(Items from a data source)
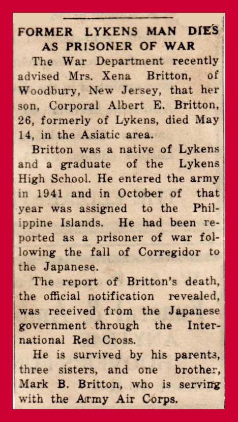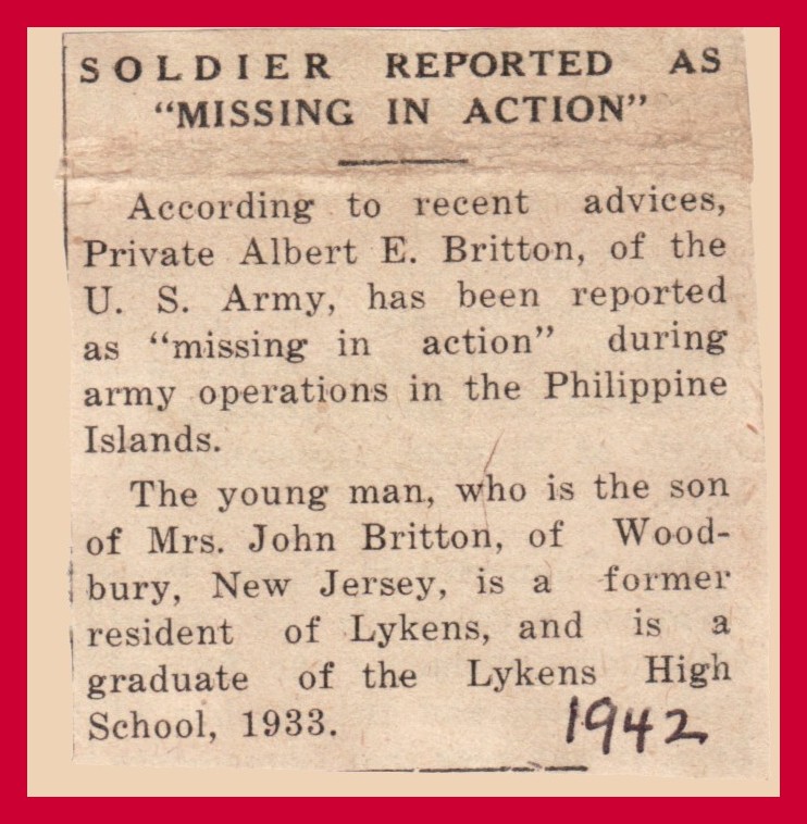 Britton was a native of Lykens and a graduate of the Lykens High School. He entered the army in 1941 and in October of that year was assigned to the Philippine Islands. He had been reported as a prisoner of war following the fall of Corregidor to the Japanese.
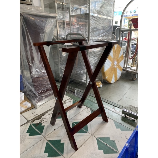 - Chân kệ để thức ăn - Kích thước: (L)520 x (W)410 x (H)800 mm - Chất liệu: gỗ - Kiểu 2 dây - Sản xuất theo yêu cầu - Hiệu: HORECA - Dùng để hành lý trong phòng khách sạn, hoặc kê mâm khay thức ăn cho nhà hàng. #khay, #kệ, #inox, #khách_sạn, #nhà_hàng
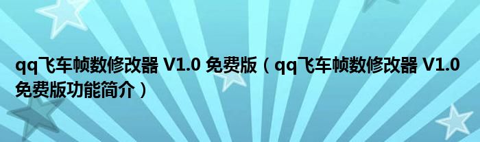 qq飞车帧数修改器 V1.0 免费版(qq飞车帧数修改器 V1.0 免费版功能简介)
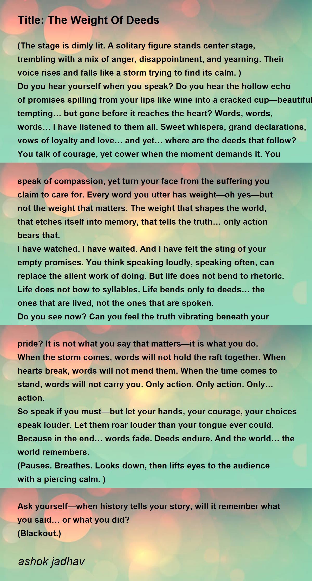 You talk of courage, yet cower when the moment demands it. You speak of compassion, yet turn your face from the suffering you claim to care for. Every word you utter has weight—oh yes—but not the weight that matters. The weight that shapes the world, that etches itself into memory, that tells the truth… only action bears that.
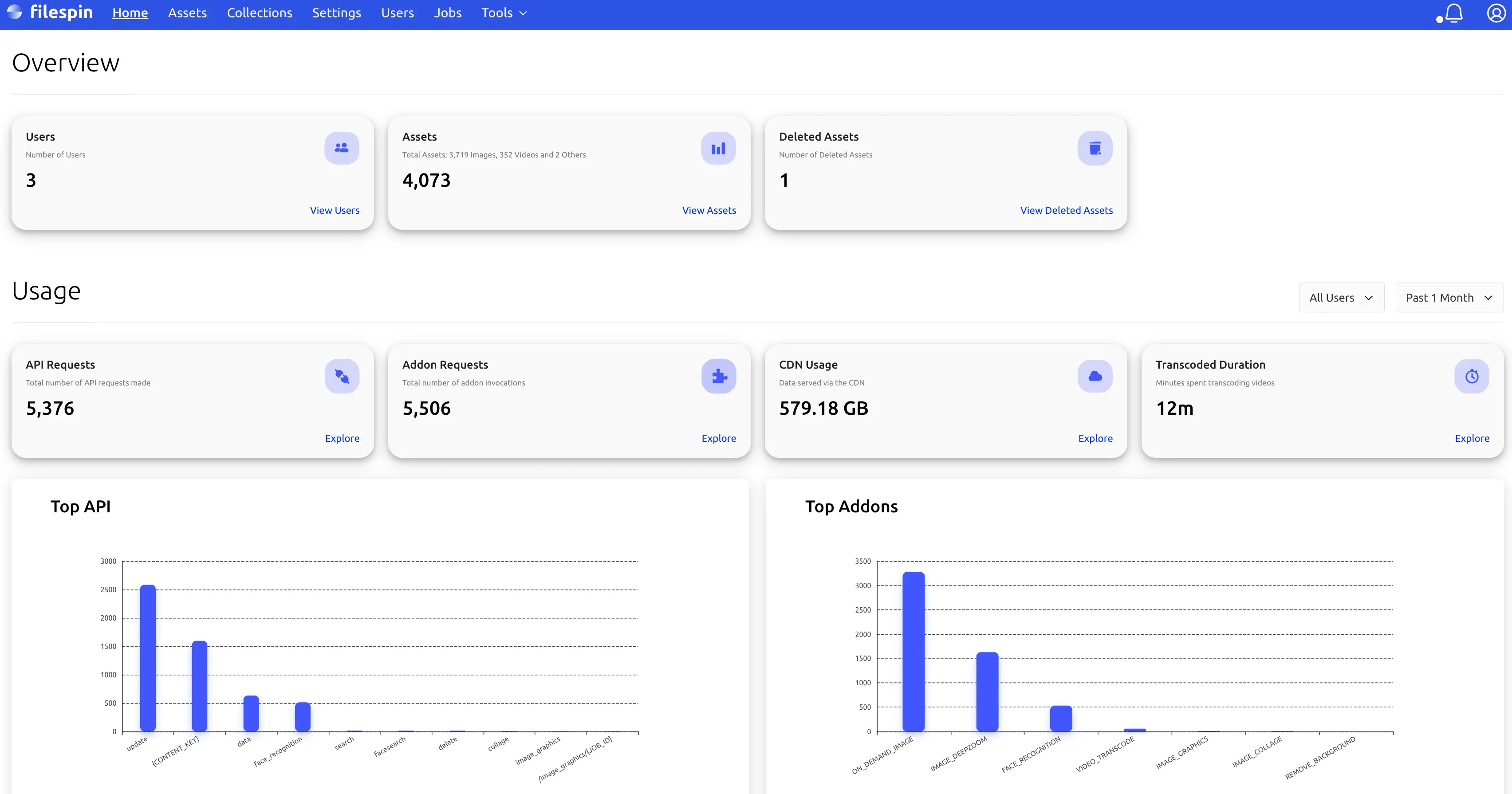 We’re excited to announce the launch of comprehensive Usage Monitoring in the Web Dashboard. Built for account administrators, this new dashboard delivers real-time visibility into your usage of FileSpin that includes API, Addons, CDN and more — all visualized through intuitive graphs and metrics.
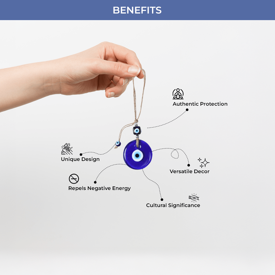 1. Protection from Negative Energy: The evil eye symbol is believed to deflect jealousy, ill intentions, and envious glances. Hanging it near your entrance or workspace helps create a protective barrier, keeping negativity at bay.
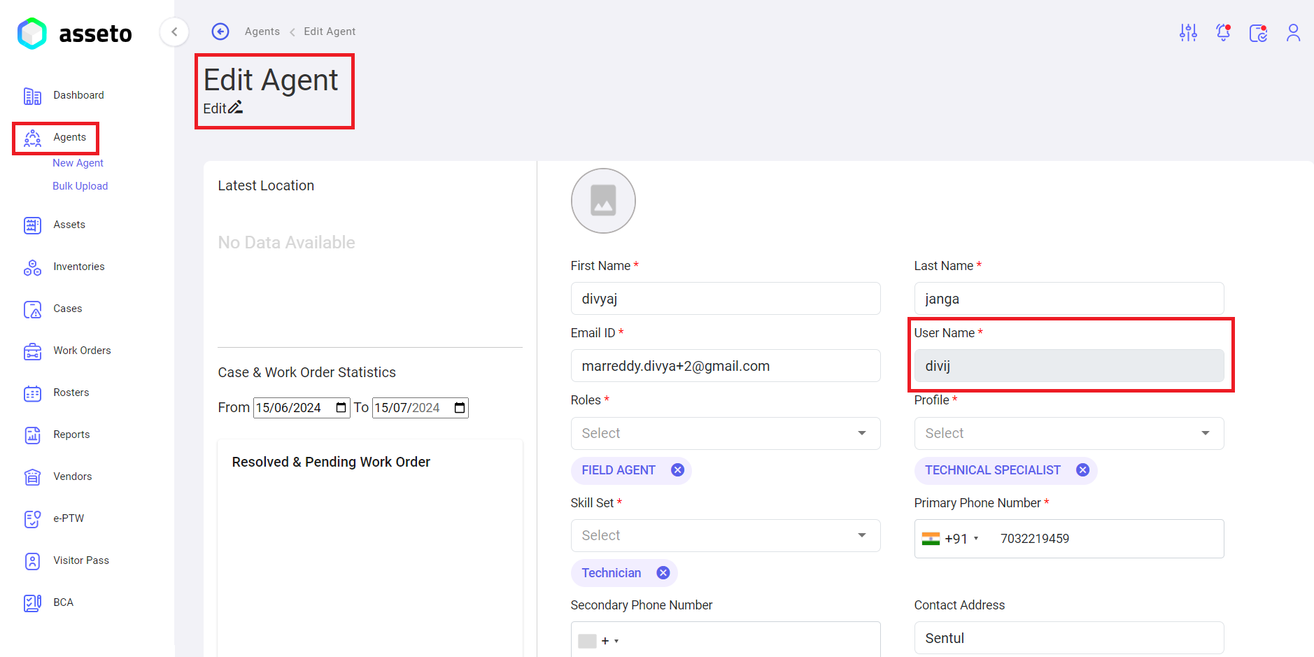 Agent Edit: In agent detail’s view page, we have an option to edit and update the agent details by clicking on edit icon (available nearby agent name top left side of agent view page).

#### How to complete this task
Print exactly the lines from the line with "1. Protection from" through the end of the data, both ends included, and print no pictures.

#### Exercise answer
 1. Protection from Negative Energy: The evil eye symbol is believed to deflect jealousy, ill intentions, and envious glances. Hanging it near your entrance or workspace helps create a protective barrier, keeping negativity at bay.
 Agent Edit: In agent detail’s view page, we have an option to edit and update the agent details by clicking on edit icon (available nearby agent name top left side of agent view page).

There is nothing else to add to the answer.